R15bn could transform Saldanha BayApril 14, 2011 by: admin
SALDANHA Bay is set to become a hub of industrial activity in the Western Cape with the announcement this week of a plan to build a R15 billion rare metals industry complex, with a titanium smelter, at the West Coast town.
Other industries envisaged for Saldanha are ship building, maritime-repair industries, steel production and manufacturing, oil and gas support industries with a floating dry dock and a land-based dry dock, manufacturing of renewable-energy components and renewable-energy generation.
The Saldanha Municipality has signed memoranda of agreement with 14 foreign investors indicating the local authority’s support for their proposals.
Wesgro, on behalf of the provincial government, has commissioned consultants to conduct a feasibility study on the potential of Saldanha to become an Industrial Development Zone (IDZ). The first phase has been completed and potential development projects have been identified. The study also identified the availability of land, environmental constraints and available infrastructure.
The second phase is under way, looking at the economic impact of setting up an IDZ and its design. The final stage will result in the development of a business model and plan.
Trade and Industry minister Rob Davies announced on Wednesday that the National Empowerment Fund (NEF) would explore the potential of co-financing, with local and foreign investors, of a rare metals beneficiation complex at Saldanha.
The empowerment fund facilitates black empowerment deals and would drive the project. It would produce metals with a high value, including titanium, zirconium and silicon. About 7 000 jobs would be created at the plant.

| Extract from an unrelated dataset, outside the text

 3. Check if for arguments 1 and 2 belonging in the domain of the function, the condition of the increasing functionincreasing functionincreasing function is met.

Davies said South Africa exported titanium sands for $400 (R2 690) a ton, when the country could get $1 000 a ton through setting up beneficiation plants. It was important that South African started to maximise benefits of its rich mineral reserves, he said.
Shane Cordom, head of strategic development at Saldanha Municipality, said the rare metals complex was likely to be set up alongside the ArcelorMittal steel factory, formerly Saldanha Steel.

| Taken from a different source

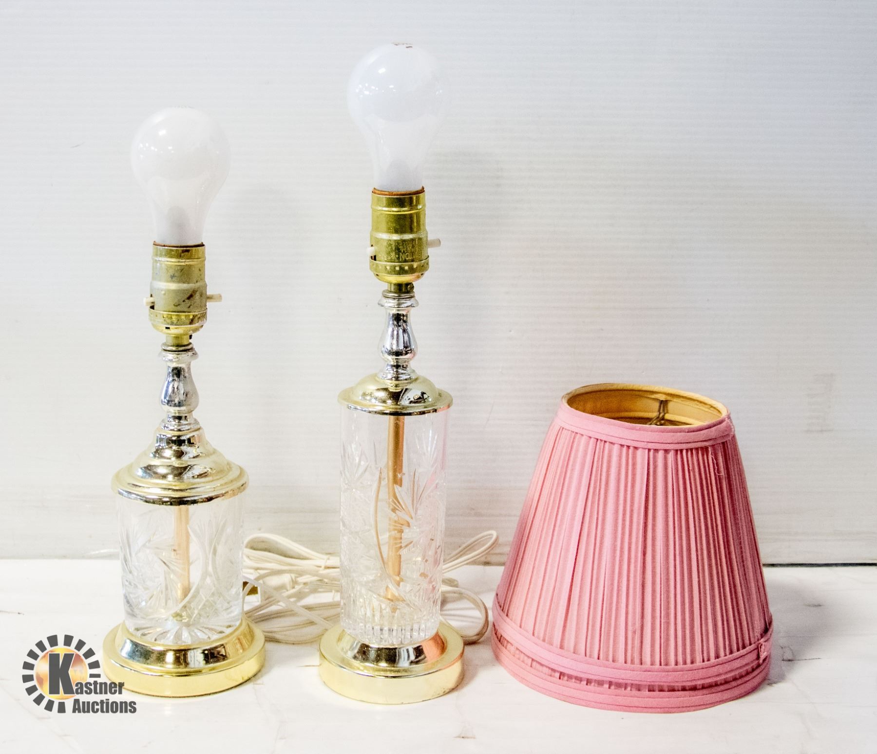 2 VINTAGE PINWHEEL CRYSTAL LAMPS 15" & 17"

He said Exxarro Sands, formerly Namakwa Sands, mined the sands at Brand-se-Baai on the West Coast, 350km north of Cape Town.
“The titanium sand gets exported to China and other countries, but the plan is to produce titanium from the sands from a beneficiation complex at Saldanha, and so increase the worth.
Cordom said the move involved a partnership between the Industrial Development Corporation (IDC), the NEF and Rare Metals Industry, a Russian company. The company has a titanium smelter in Russia and the UK.
The rare metals prefeasibility study cost R25m, he said.
Jacyntha Maclennan, a senior manager at Wesgro, said that once the study to determine the feasibility of establishing an IDZ at Saldanha had been completed, it would be submitted to the Department of Trade and Industry.
Michael Bagraim, president of the Cape Chamber of Commerce, welcomed the plans for a rare metals industry as well as the inclusion of in the department’s Industrial Policy Action Plan (IPAP) for 2012, of the oil and gas industry and boat building industry.
He said the rare metals complex would be a catalyst for further growth in Saldanha, which could become a major industrial centre.
Bagraim warned that a great deal depended on a reliable energy supply and said it was time for the Western Cape to generate more of its own electricity using gas and renewable sources.